# [DATA SHOWN]

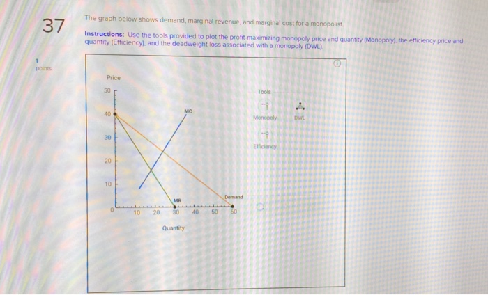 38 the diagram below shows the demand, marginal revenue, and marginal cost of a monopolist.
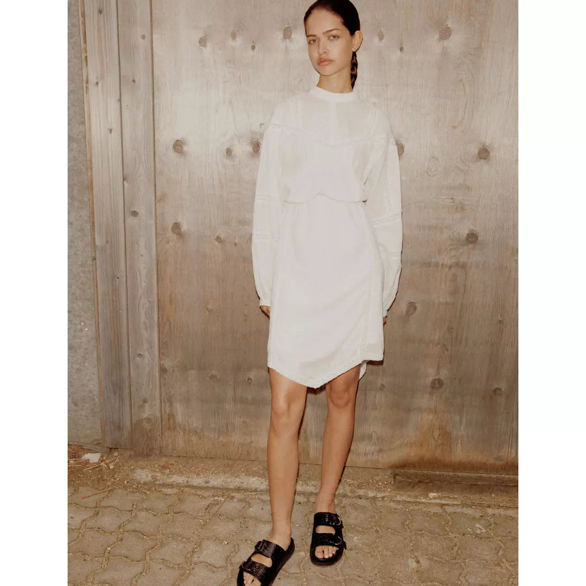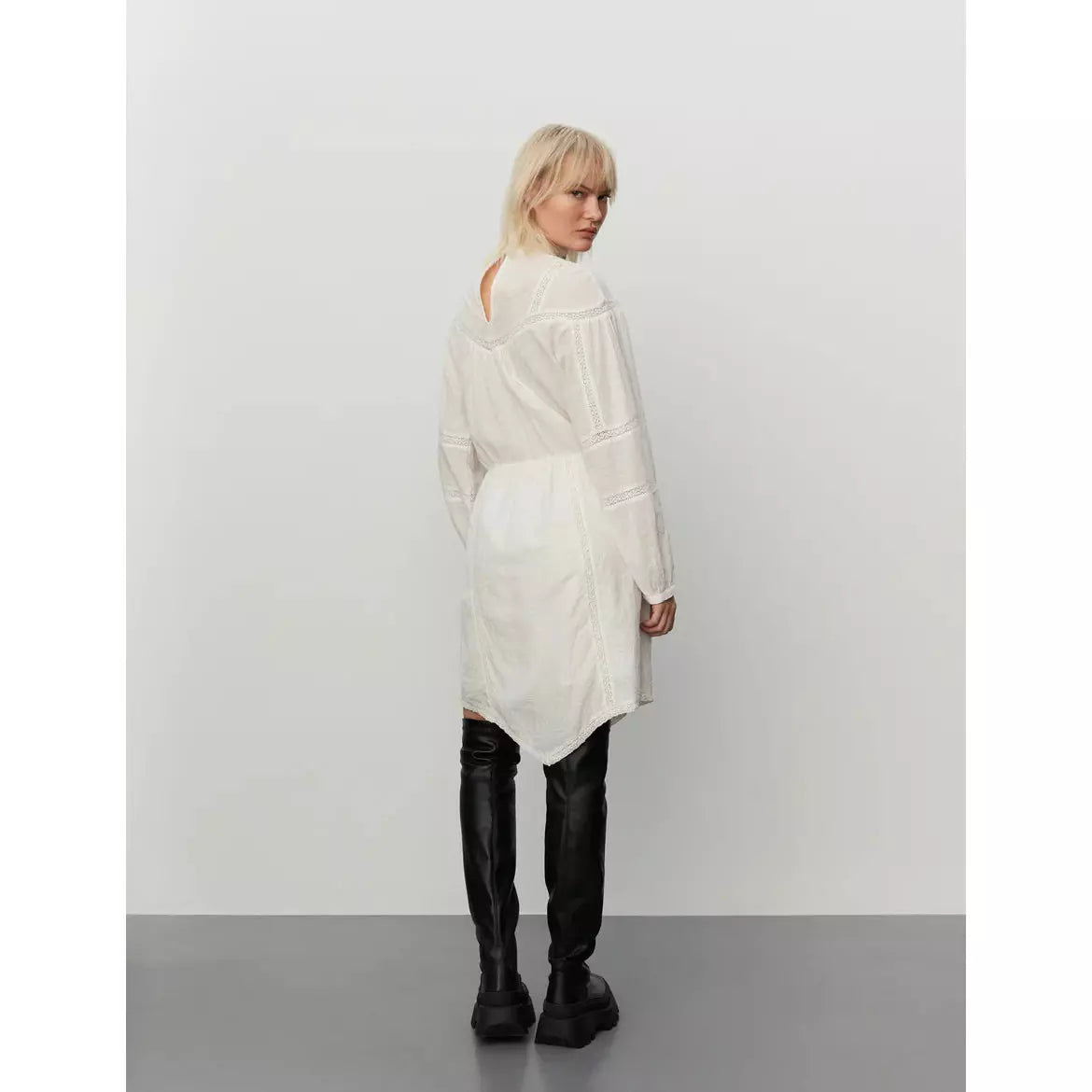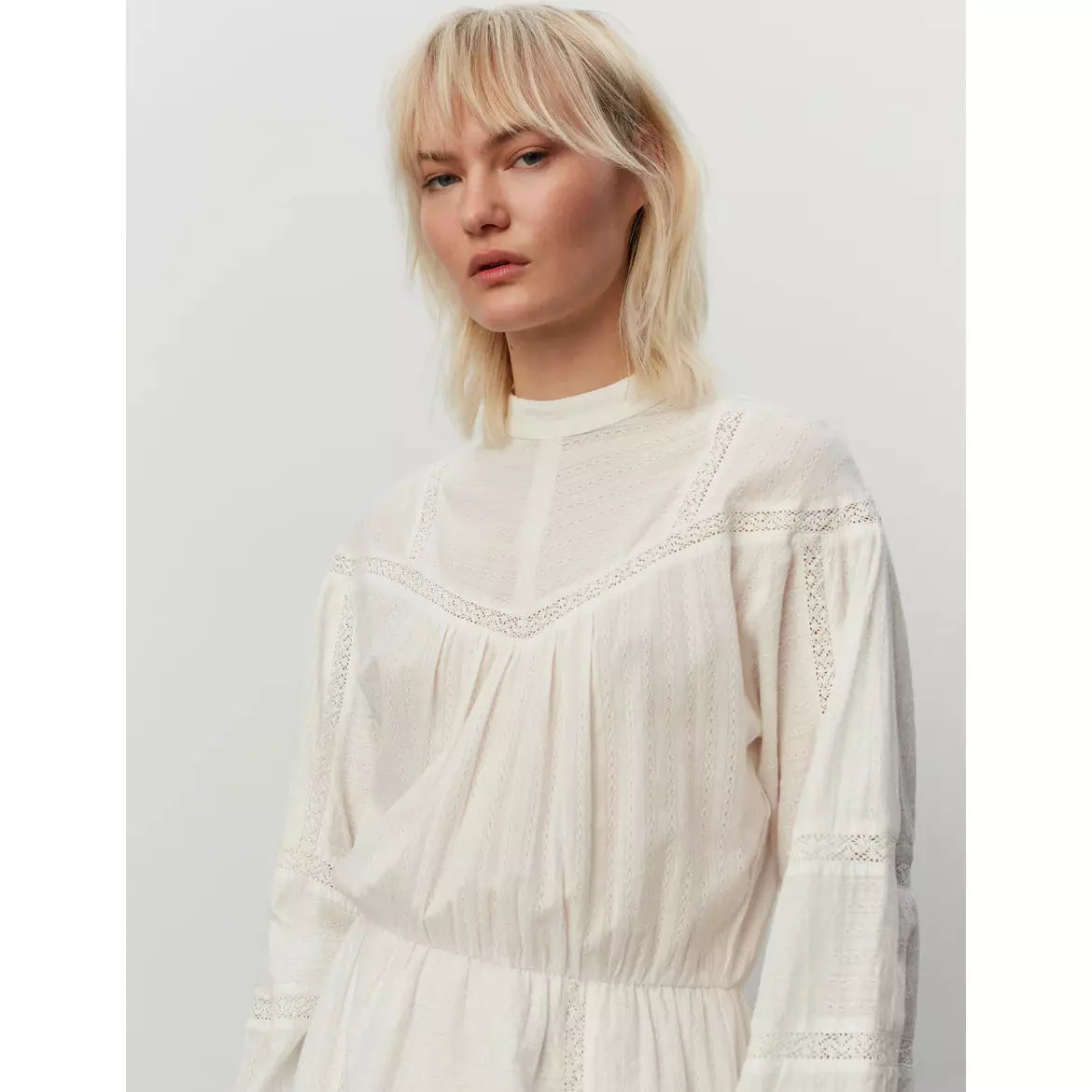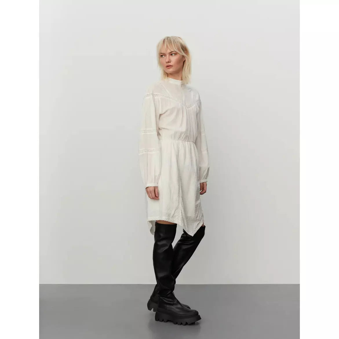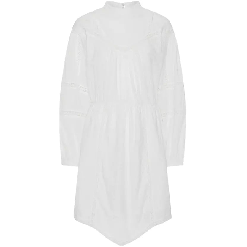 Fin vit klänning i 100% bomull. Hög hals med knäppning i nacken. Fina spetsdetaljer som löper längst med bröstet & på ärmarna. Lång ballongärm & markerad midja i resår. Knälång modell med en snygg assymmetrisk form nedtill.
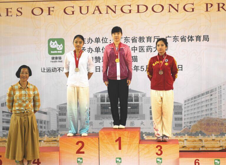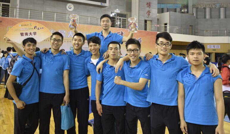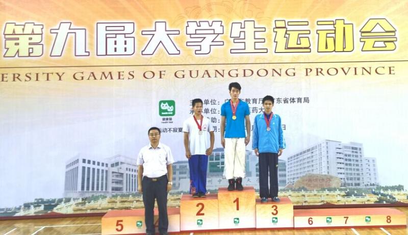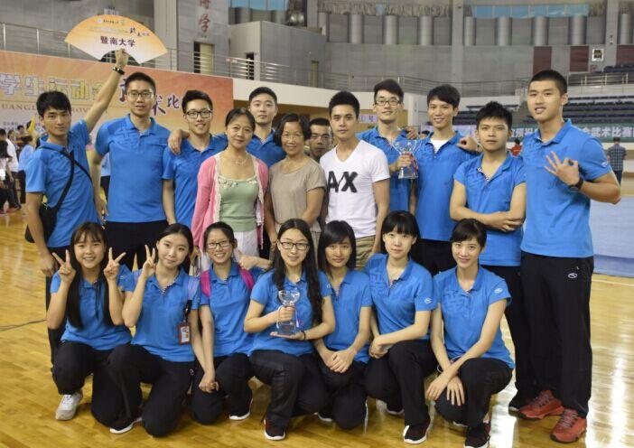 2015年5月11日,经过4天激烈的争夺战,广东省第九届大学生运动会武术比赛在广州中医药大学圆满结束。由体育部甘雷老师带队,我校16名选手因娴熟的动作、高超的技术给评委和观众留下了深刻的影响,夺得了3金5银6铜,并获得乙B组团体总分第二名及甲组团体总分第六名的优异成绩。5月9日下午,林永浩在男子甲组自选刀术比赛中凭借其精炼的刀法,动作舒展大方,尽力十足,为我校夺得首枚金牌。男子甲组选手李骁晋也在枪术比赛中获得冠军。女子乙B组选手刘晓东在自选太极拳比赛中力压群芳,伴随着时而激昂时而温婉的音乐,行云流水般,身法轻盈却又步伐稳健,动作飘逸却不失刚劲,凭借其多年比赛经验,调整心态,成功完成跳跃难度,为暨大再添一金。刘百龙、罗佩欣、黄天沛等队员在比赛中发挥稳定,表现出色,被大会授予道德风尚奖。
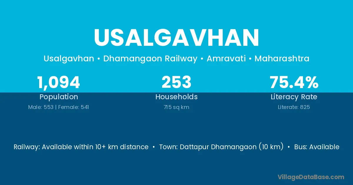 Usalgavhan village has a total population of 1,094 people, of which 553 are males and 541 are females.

# [YOUR OBJECTIVE]
Since the pictures are not wanted, repeat only the rest of the material, exactly as given.

# [SOLUTION FOR THIS PROBLEM]
 38 the diagram below shows the demand, marginal revenue, and marginal cost of a monopolist.
 Fin vit klänning i 100% bomull. Hög hals med knäppning i nacken. Fina spetsdetaljer som löper längst med bröstet & på ärmarna. Lång ballongärm & markerad midja i resår. Knälång modell med en snygg assymmetrisk form nedtill.
 2015年5月11日,经过4天激烈的争夺战,广东省第九届大学生运动会武术比赛在广州中医药大学圆满结束。由体育部甘雷老师带队,我校16名选手因娴熟的动作、高超的技术给评委和观众留下了深刻的影响,夺得了3金5银6铜,并获得乙B组团体总分第二名及甲组团体总分第六名的优异成绩。5月9日下午,林永浩在男子甲组自选刀术比赛中凭借其精炼的刀法,动作舒展大方,尽力十足,为我校夺得首枚金牌。男子甲组选手李骁晋也在枪术比赛中获得冠军。女子乙B组选手刘晓东在自选太极拳比赛中力压群芳,伴随着时而激昂时而温婉的音乐,行云流水般,身法轻盈却又步伐稳健,动作飘逸却不失刚劲,凭借其多年比赛经验,调整心态,成功完成跳跃难度,为暨大再添一金。刘百龙、罗佩欣、黄天沛等队员在比赛中发挥稳定,表现出色,被大会授予道德风尚奖。
 Usalgavhan village has a total population of 1,094 people, of which 553 are males and 541 are females.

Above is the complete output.